SAHARA J. 2009 Sep;6(2):46-57. doi: 10.1080/17290376.2009.9724930.
BACKGROUND/RATIONALE: Ethical issues regarding HIV/AIDS human research in the developing world remain under continuous evaluation; a critical area of concern includes informed consent. This paper reviews several of the most important ethical and practical aspects of informed consent in HIV research in developing countries. Enhancement of overall understanding of such key issues might promote higher ethical standards of future research.
The major objective was to address informed consent in human research in non-Western societies, and specifically in HIV clinical trials of affected adults. Secondary end-points included the consent complexities in HIV research involving vulnerable patient populations in resource-limited nations, such as children, adolescents and women.
A systematic review of the published literature using MEDLINE and EMBASE from 1998 until December 2008 was performed, using the search terms 'HIV/AIDS', 'informed consent', 'clinical trials', 'developing world'.
Ethical complexities such as participants' diminished autonomy, coercion or monetary inducement, language difficulties, illiteracy or lack of true understanding of the entire study, cultural barriers mainly due to communitarianism and social diversities were identified in the 44 studies reviewed. Informed consent of vulnerable patient populations must be tailored to their sex and developmental age, while counselling is fundamental. Children and adolescents' assent must be ensured. Local language is to be used, while trusted community leaders and local cultural representatives may convey information.
Despite the heterogeneity of studies, similarities were identified. Providing adequate and comprehensive information and assessing the true understanding of the research represent fundamental prerequisites. Potential solutions to the critical areas of concern include peer counselling and meetings with local community leaders or local cultural representatives.
International investigators of HIV human research should bear in mind these ethical issues and their potential solutions, when trying to ensure ethical research conduct, based on a truly informed and culturally relevant consent.
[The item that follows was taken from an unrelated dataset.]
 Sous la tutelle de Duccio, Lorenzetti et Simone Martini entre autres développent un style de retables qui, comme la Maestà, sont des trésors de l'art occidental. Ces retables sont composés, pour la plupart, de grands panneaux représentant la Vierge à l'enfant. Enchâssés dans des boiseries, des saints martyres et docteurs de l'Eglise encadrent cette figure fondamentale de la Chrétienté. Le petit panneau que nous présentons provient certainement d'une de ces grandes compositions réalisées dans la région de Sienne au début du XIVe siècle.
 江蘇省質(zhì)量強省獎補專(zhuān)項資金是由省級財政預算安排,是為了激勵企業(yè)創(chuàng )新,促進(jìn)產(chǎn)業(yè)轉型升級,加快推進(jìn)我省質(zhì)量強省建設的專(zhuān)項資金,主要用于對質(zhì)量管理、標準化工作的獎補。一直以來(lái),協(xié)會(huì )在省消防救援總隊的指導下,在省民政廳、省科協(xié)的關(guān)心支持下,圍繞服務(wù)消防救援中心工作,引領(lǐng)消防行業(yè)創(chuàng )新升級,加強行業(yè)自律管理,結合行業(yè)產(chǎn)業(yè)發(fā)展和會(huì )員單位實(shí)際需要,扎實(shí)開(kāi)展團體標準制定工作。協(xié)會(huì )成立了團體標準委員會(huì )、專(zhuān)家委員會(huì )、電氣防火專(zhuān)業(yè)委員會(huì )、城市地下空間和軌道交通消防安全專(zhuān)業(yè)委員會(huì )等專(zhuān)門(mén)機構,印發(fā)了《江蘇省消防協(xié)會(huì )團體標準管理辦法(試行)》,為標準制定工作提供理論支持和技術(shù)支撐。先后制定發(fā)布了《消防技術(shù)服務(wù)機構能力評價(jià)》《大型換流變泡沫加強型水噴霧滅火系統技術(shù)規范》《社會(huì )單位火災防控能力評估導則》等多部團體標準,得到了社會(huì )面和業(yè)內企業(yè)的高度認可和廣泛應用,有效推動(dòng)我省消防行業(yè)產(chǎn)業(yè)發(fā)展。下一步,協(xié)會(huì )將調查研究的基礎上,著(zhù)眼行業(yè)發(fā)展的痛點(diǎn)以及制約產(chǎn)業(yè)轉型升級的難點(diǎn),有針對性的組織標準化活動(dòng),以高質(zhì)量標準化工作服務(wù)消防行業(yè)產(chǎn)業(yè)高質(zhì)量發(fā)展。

背景/理由:发展中国家艾滋病毒/艾滋病人体研究的伦理问题仍在不断评估中;一个令人关注的关键领域包括知情同意。本文回顾了发展中国家艾滋病毒研究中知情同意的几个最重要的伦理和实际方面。提高对这些关键问题的整体认识,可能会促进未来研究的更高伦理标准。
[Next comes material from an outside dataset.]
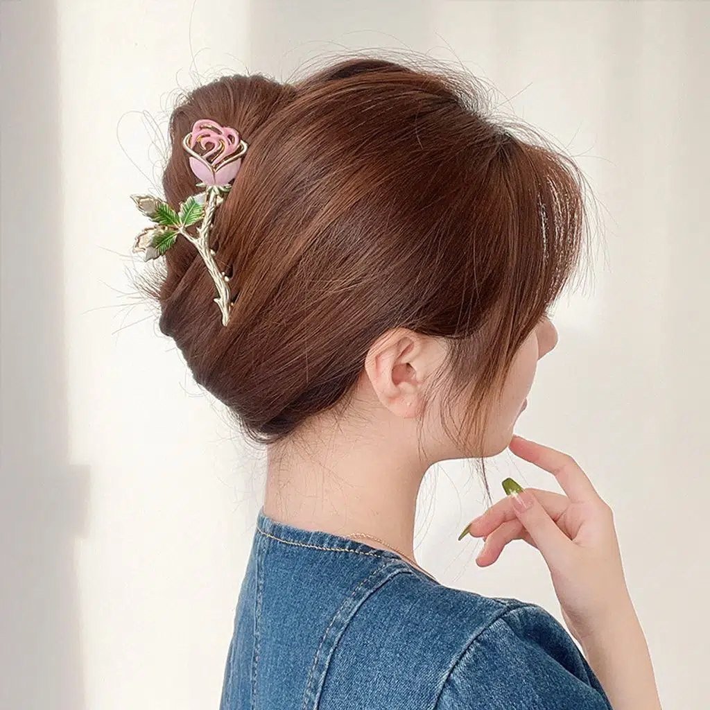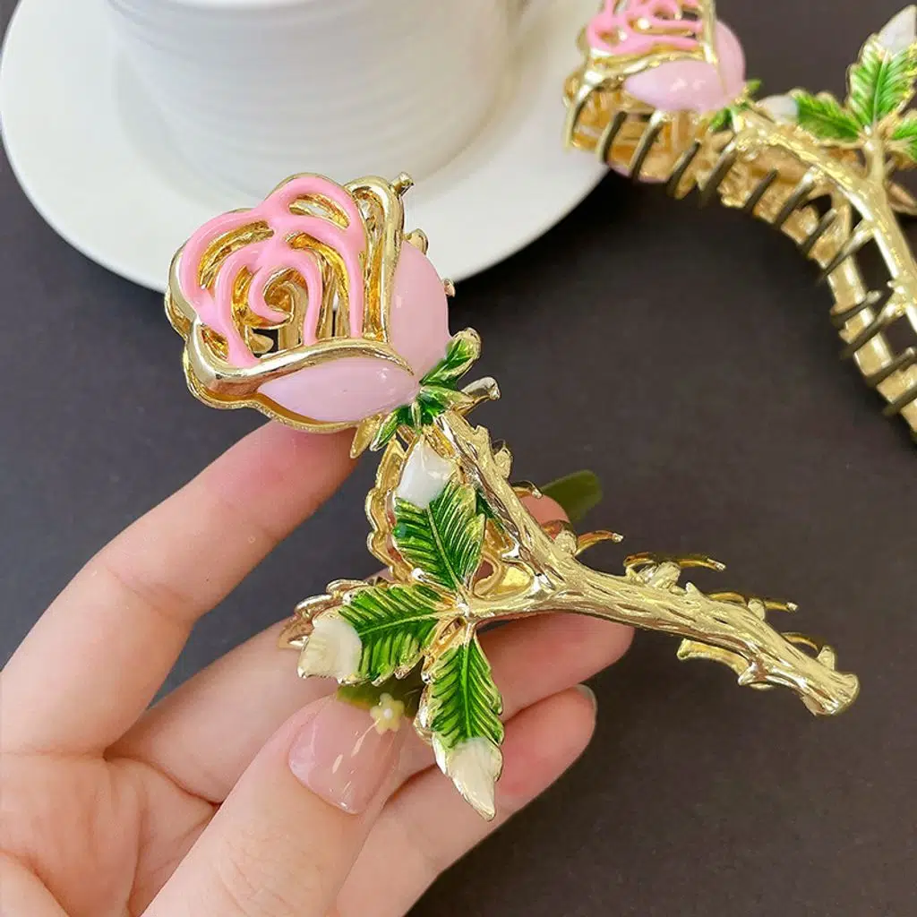 11 cm Pembe Gül Model Saç Tokası, ince işlenmiş metal sap detayı ve canlı yeşil yaprak süslemeleriyle klasik gül figürünü modern bir dokunuşla buluşturur. Pembe gül motifi, saçlara doğal bir güzellik ve romantik bir hava kazandırırken güçlü mandal mekanizması gün boyu sabit bir tutuş sağlar.

主要目的是讨论非西方社会,特别是在受影响成年人的艾滋病毒临床试验中的人体研究中的知情同意。次要终点包括在资源有限的国家中,如儿童、青少年和妇女等弱势群体的艾滋病毒研究中的同意复杂性。
使用 MEDLINE 和 EMBASE 从 1998 年至 2008 年 12 月对已发表的文献进行了系统回顾,使用的搜索词是“HIV/AIDS”、“知情同意”、“临床试验”、“发展中国家”。
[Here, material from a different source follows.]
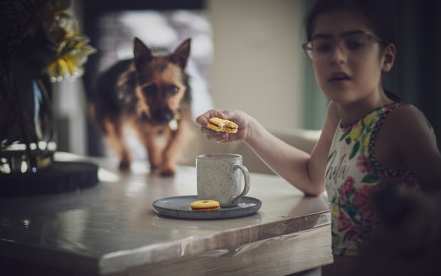 Anyone who has ever owned an Australian Terrier will understand what lengths this cheeky breed will go to if it means they may score so much as a crumb of food. This image captured 2 year old Sniffany with her "eyes on the prize" - a jam shortbread biscuit right out of her human sister's hand. It was a long shot but I admire her motivation!

在 44 项综述研究中,确定了伦理复杂性,例如参与者自主权减弱、胁迫或金钱诱因、语言困难、文盲或对整个研究缺乏真正理解、主要由于社群主义和社会多样性造成的文化障碍。弱势群体的知情同意必须根据其性别和发育年龄进行调整,同时咨询是基础。必须确保儿童和青少年的同意。应使用当地语言,而可信赖的社区领导人和当地文化代表可以传达信息。
尽管研究存在异质性,但也存在相似之处。提供充分和全面的信息并评估对研究的真正理解是基本前提。关注领域的潜在解决方案包括同伴咨询以及与当地社区领导或当地文化代表的会议。
当试图确保基于真正知情和文化相关同意的伦理研究行为时,艾滋病毒人体研究的国际研究人员应牢记这些伦理问题及其潜在解决方案。